[PROBLEM REQUIREMENTS] Below are lines of data, and only some are wanted. Please repeat exactly those from the line that has "STAB BAR HALSKETTE" through the line that has "Obtain an expression".

[AVAILABLE RECORDS]
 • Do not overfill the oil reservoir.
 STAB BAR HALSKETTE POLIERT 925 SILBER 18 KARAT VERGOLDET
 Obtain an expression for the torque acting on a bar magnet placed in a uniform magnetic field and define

...

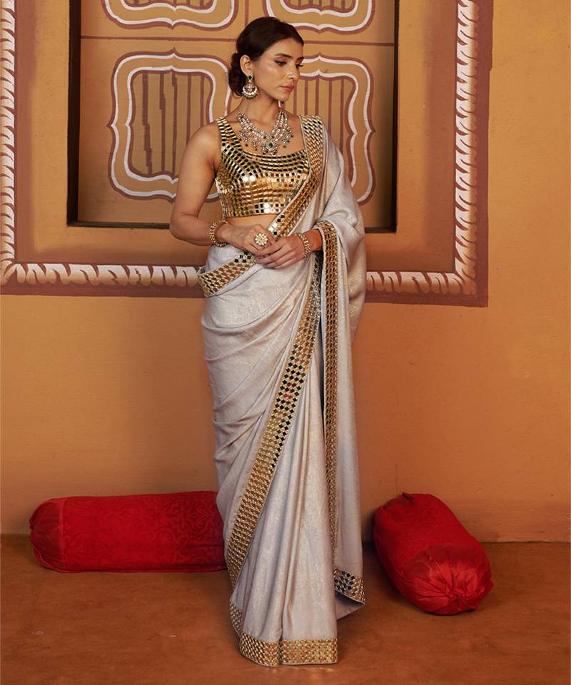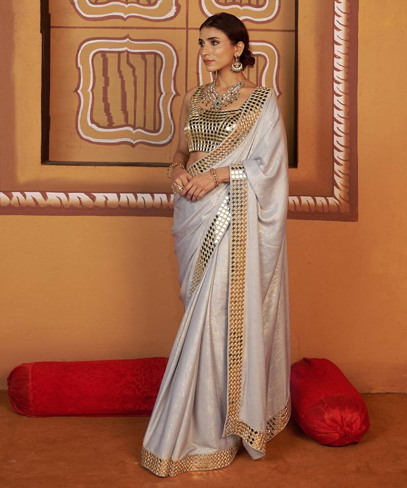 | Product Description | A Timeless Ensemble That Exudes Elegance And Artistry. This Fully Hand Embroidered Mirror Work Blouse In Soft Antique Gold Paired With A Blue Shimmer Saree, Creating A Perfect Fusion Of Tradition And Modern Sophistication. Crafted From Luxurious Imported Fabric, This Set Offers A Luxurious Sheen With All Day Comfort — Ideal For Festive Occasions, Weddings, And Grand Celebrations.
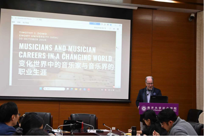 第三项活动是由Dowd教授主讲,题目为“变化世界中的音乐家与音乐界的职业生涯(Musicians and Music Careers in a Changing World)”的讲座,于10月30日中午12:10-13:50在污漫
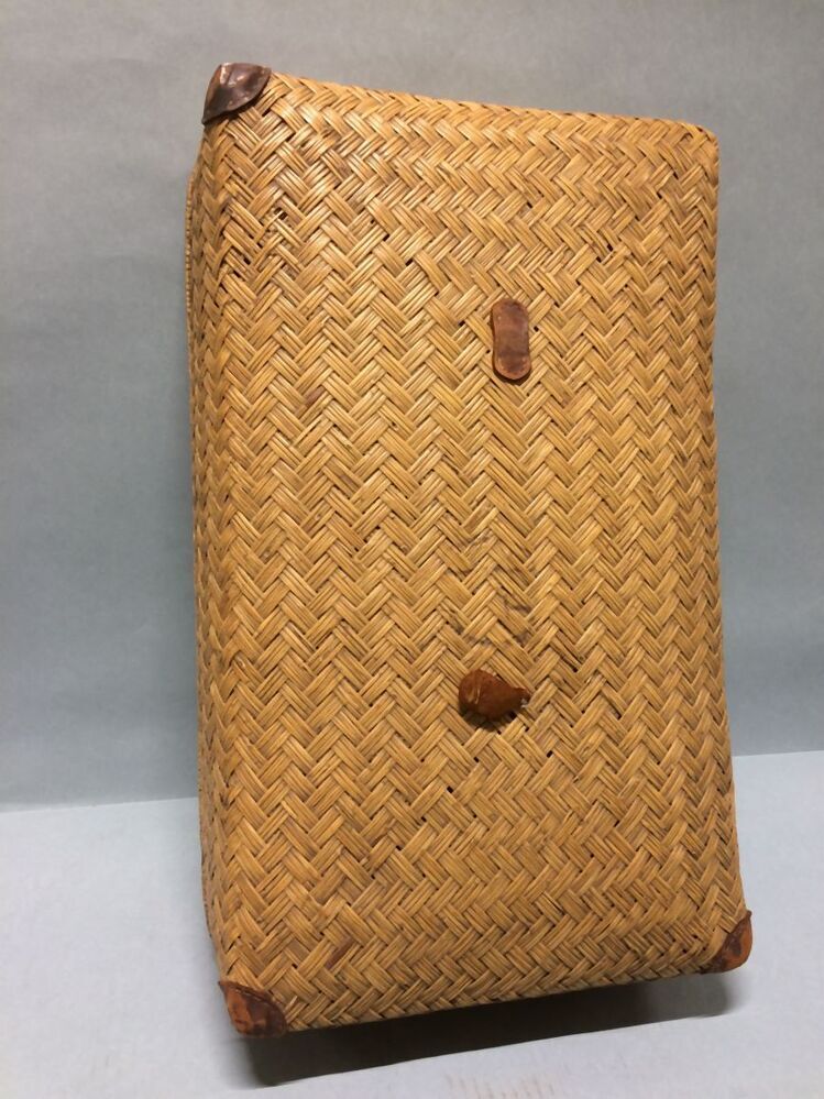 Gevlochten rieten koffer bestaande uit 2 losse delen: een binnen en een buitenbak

[REPLY]
 STAB BAR HALSKETTE POLIERT 925 SILBER 18 KARAT VERGOLDET
 Obtain an expression for the torque acting on a bar magnet placed in a uniform magnetic field and define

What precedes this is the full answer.